咨询“C中的数字配方”,第12章“快速傅立叶变换”说:

  1. The frequency ranges from negative fc to positive fc, where fc is the Nyquist critical frequency, which is equal to 1/(2*delta), where delta is the sampling interval. So frequencies can certainly be negative.

    频率范围从负fc到正fc,其中fc是奈奎斯特临界频率,其等于1 /(2 * delta),其中delta是采样间隔。所以频率肯定是负面的。

  2. You can't plot something that doesn't exist. There is no natural log of zero. You'll either plot frequency as the x-axis or choose a range that doesn't include zero for your semi-log axis.

    你不能绘制不存在的东西。没有零的自然对数。您可以将频率绘制为x轴,也可以选择半对数轴不包括零的范围。

  3. The presence or lack of symmetry in the frequency range depends on the nature of the function in the time domain. You can have a plot in the frequency domain that is not symmetric about the y-axis.

    频率范围内是否存在对称性取决于时域中函数的性质。您可以在频域中绘制一个关于y轴不对称的图。

  4. I don't think that taking the absolute value like that is a good idea. You'll want to read a great deal more about convolution, correction, and signal processing to compare two signals.

    我不认为拿这样的绝对值是个好主意。您需要阅读更多有关卷积,校正和信号处理的信息,以比较两个信号。

#4


  1. result of fft can be 0. already answered by other people.
  2. fft的结果可以是0.已经被其他人回答了。

  3. to plot 0 frequency, the trick is to set it to a very small positive number (I use exp(-15) for that purpose).
  4. 绘制0频率,诀窍是将其设置为一个非常小的正数(我为此目的使用exp(-15))。

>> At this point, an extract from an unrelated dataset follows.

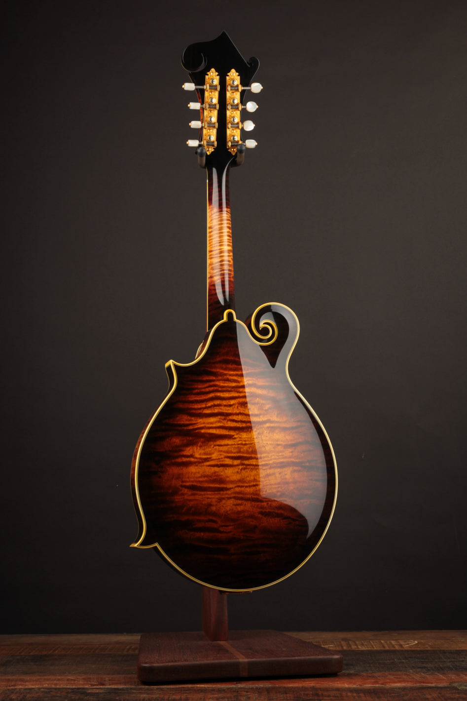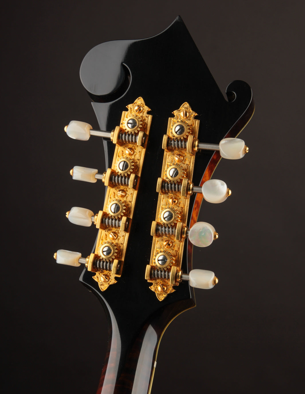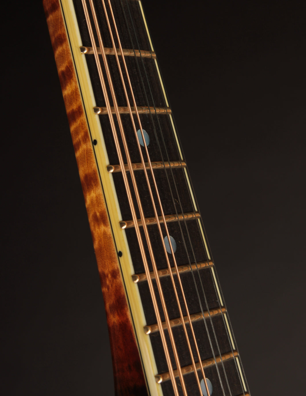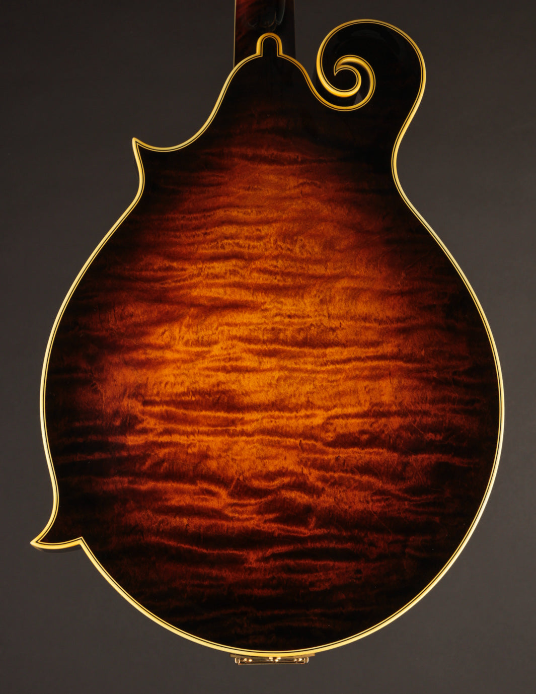 We're excited to offer this heirloom-quality F5 mandolin from the workshop of Tom Ellis. Cosmetics aside, an Ellis F5 Reserve offers the sort of tonal sophistication and workmanship a discerning player demands. Many great-looking mandolins built with quilted maple will hypnotize onlookers with the three-dimensional nature of the wood's figure ... but they sound a little timid. Not this one! Depth of tone, harmonic richness, sustain, power and pop--not only will this instrument record like a dream, it'll more than hold its own in a loud bluegrass jam. As for its looks? Well ... we're inclined to say there isn't a more finely built mandolin out there. From the picture-perfect tones of its sunburst, to the artistry of the inlay work, to Weldon Lister's engraving work on the tailpiece ... "flawless" just about sums it up. Have a look through our photo gallery for some detailed shots, and give us a call if you'd like an in-hand description. Priced with new Calton Case.
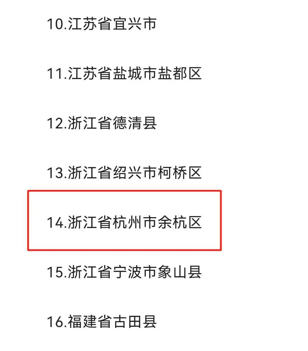 今天,2022年国家乡村振兴示范县创建名单公示公告发布,余杭区成功入围!

  5. already answered by other people.
  6. 其他人已经回答了

  7. if you are only interested in the magnitude, yes you can do that. this is applicable, say, in many image processing problems.
  8. 如果你只对幅度感兴趣,是的,你可以做到这一点。例如,这适用于许多图像处理问题。

#5


Half your question:

问题的一半:

3) The results of the FFT operation depend on the nature of the signal; hence there's nothing requiring that it be symmetrical, although if it is you may get some more information about the properties of the signal

3)FFT运算的结果取决于信号的性质;因此没有什么要求它是对称的,尽管如果是这样你可能会得到更多关于信号属性的信息

4) That will compare the magnitudes of a pair of signals, but those being equal do no guarantee that the FFTs are identical (don't forget about phase). It may, however, be enough for your purposes, but you should be sure of that.

4)这将比较一对信号的幅度,但那些相等的信号不能保证FFT是相同的(不要忘记相位)。但是,它可能足以满足您的目的,但您应该确定这一点。